The artists also created faux mold to make a piece on the wall look aged, as if it were a piece that came off the Pacific Ocean Park pier in Santa Monica. “A Realtor friend of mine came in here and said, ‘Jimmy, you have to do something about this mold. It’s not healthy,’” Peter says. “I almost fell out of my chair laughing.”
He’s always liked corrugated metal but couldn’t find a place in his house to use the material. So he had Magallanes use corrugated metal to create the multimedia piece in the hallway.
In the powder room, Peter originally tried doing something that he thought might be found in a Jamaican beach shack, but it didn’t work.

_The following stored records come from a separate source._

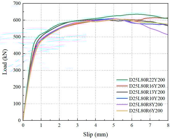 Parametric simulations were conducted to investigate the influence of the stud diameter on the hybrid connector’s shear performance, systematically evaluating six nominal diameter specifications, encompassing 6 mm, 8 mm, 10 mm, 13 mm, 16 mm, and 22 mm. The load–displacement curves of these models are presented in Figure 26. All the models exhibited typical linear elastic responses during the initial loading, with stiffness values ranging between 753 and 809 kN/mm and increasing with increasing stud diameter. After the elastic stage, D25L80R22Y200 exhibited significantly higher ductility compared to those of the other models, demonstrating superior plastic energy dissipation capacity.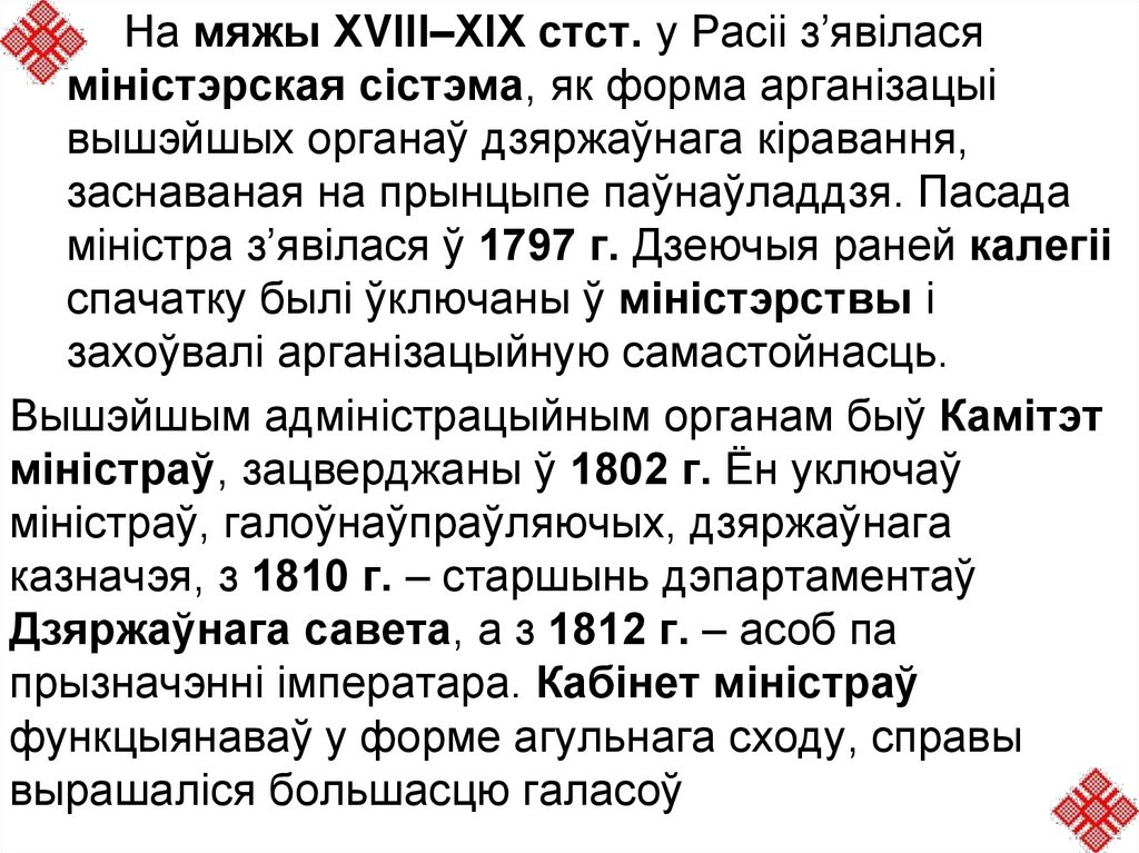 3. З’яўленне міністэрскай формы арганізацыі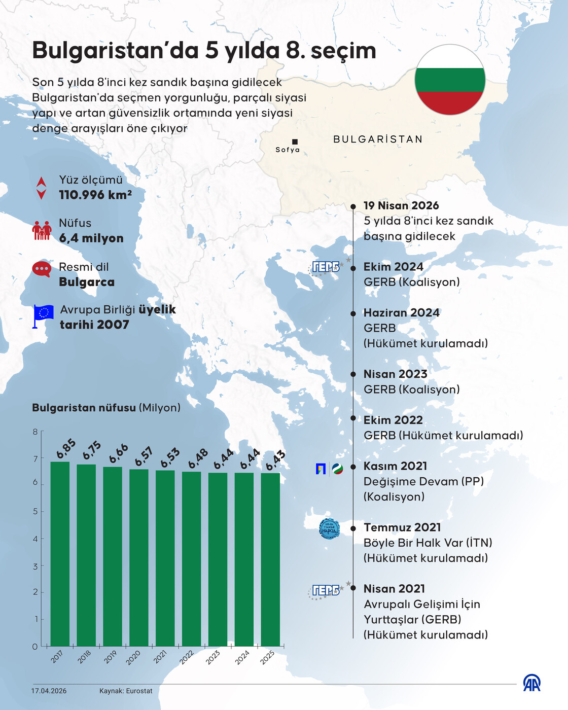 Komşu ülke Bulgaristan, uzun süredir devam eden siyasi kriz ve hükümet kurma sorunlarının ardından bir kez daha genel seçim için sandık başına gidiyor. Son 5 yıldır devam eden siyasi istikrarsızlık döngüsünden çıkmak isteyen Bulgaristan’da seçmenler yarın sandık başına gidecek. Ülkede son 5 yıl içinde tam 8’inci kez seçim yapılacak olması, Avrupa siyasetinde dikkat çeken gelişmeler arasında yer aldı. Yaklaşık 6,5 milyon kayıtlı seçmen, 240 sandalyeli parlamentonun yeni üyelerini belirlemek üzere oy kullanacak.

So instead, he printed out a picture of a Jackson Pollock painting and let his painter loose with it. “It’s a little overwhelming, but it’s so fun,” Peter says. “I like watching peoples’ faces coming into my home.”
The orange and blue color scheme continues in one of the guest rooms. It’s hard to tell in the photos, but the painter used different finishes — flat, satin and glossy — to create wall stripes.
The photograph is of Greg Noll, who signed the print, standing in front of a wave at the famous Hawaii surf spot called Pipeline.
A pricey marble countertop adds color to the master bathroom. “Different flavors of marble spark it for people,” Peter says. “This flavor of marble sparked it for me. It just happened to be the most expensive one.”
In the master bedroom, the bed sits on a double-faded, double-dyed orange rug. The headboard is reclaimed lumber pieces put together by Peter’s cabinetmaker friend. “I bet there’s a lot of lead paint in it,” Peter says. “I have enough brain damage as is, so we added coats of flat sealer.”
The mirror is an old window frame; Peter removed the glass panes and added mirrors. It sits on an 8-by-8-inch base and is bolted to the wall.
Peter gets up and surfs almost every morning, then has coffee on the deck, goes for a hike with his dog, then to yoga. Then his girlfriend comes over, and they lounge in the pool on chairs resting on the Baja shelf. It certainly sounds like a colorful life. “Anybody can have blah,” Peter says. “But blah is no fun. Colors are fun and soothing at the same time.”